Tristan pictured a rough map of Europe and blinked. "Lichtenstein is a land-locked country, Professor..."

"Oh, I'm well aware of that." Dumbledore chuckled, but his eyes measured Tristan in a sharp, calculated look. "The words are not my own; they stem from a prophecy."

Tristan swallowed hard, a faint thrill stirring in his breast. "Who?" he demanded. "Who made that prophecy?"

"Sybill Trelawney."

"What?!" Tristan blurted, imagining Professor Trelawney draped in her thick scarves, bangles, and rings, her eyes magnified to twice their size behind huge glasses. A snort of laughter escaped him. "And you believed her?"

Dumbledore's serious expression snatched the humor right from his lips. "The state Sybill was in, and the fact she couldn't remember a word she said, led me to believe I had witnessed a genuine prophecy," he said. "It is the reason I decided to employ her here at Hogwarts."

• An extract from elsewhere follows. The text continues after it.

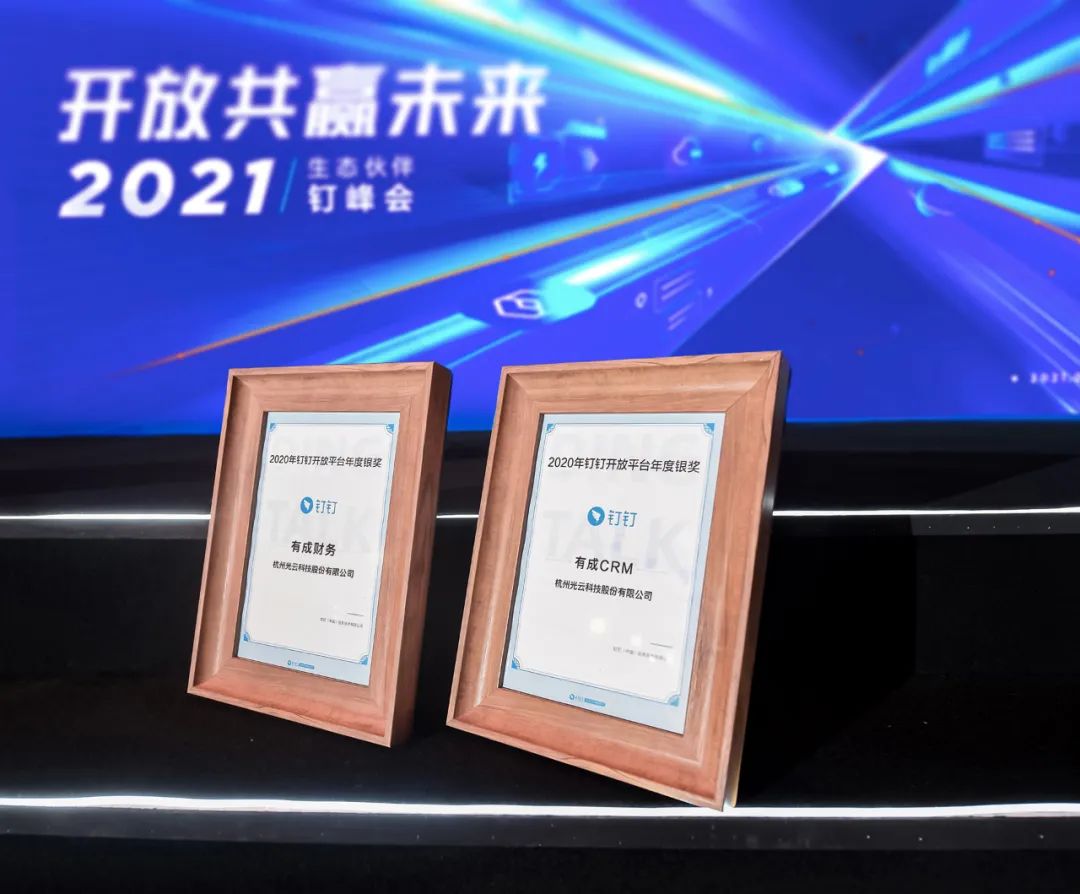 大会现场,壹定发官网科技旗下有成财务、有成CRM凭借优秀的业绩和专业的实力在一众同行中脱颖而出,斩获“2020年钉钉开放平台年度银奖”双重奖项。

"Alright," he conceded. "Do you remember exactly what she said?

"Oh yes, I do. Even if you were to obliviate this faint shade that's left of me in canvas and paint, Sybill's words that very day will be the last that slip from memory." Dumbledore's voice dropped to whisper. "The Dark Lord has chosen his equal… From distant shores, returned to the land he never left. From foreign tides, to face again the foe who fled from death. Neither can live while the other survives, neither can rest while the other strives. The Dark Lord has chosen his equal… both terrible in power, both destined to consume, both willing to sacrifice, both welcome of doom. A final victory, a total defeat. A burning sunset, as equals they meet."

Tristan sat there in silence, all the hair prickling along his arms and the nape of his neck, replaying the words in his head twice over. "My father and Voldemort were destined to kill one another?"

"Yes." Dumbledore offered him a slow nod, an unreadable expression saturating his many wrinkles. "Of that, I have no doubt."

"But what about that first part?" Tristan murmured. "How do you return to a land you've never left? Why does it say Father is to face Voldemort again? Is it implying they've met before?"

"I'm afraid I don't know," Dumbledore admitted. "You see, the circumstances made it somewhat challenging to openly discuss the content of the prophecy with your father."

'Father killed you shortly after you heard it.' Things fell in order within that sad gleam in Dumbledore's bright blue eyes. 'Is this the reason why? Because you learned of the prophecy?'

"What do you make of it, my boy?" Dumbledore asked.

"The Dark Lord has chosen his equal..."Tristan's thoughts strayed to that soft, insistent whisper of his former yew wand. "Voldemort's dead, gone forever; the prophecy has been fulfilled," he murmured. "It's nothing but yet another of Father's secrets. It won't help me."

"This group of people you mentioned before; why do you seek them out?"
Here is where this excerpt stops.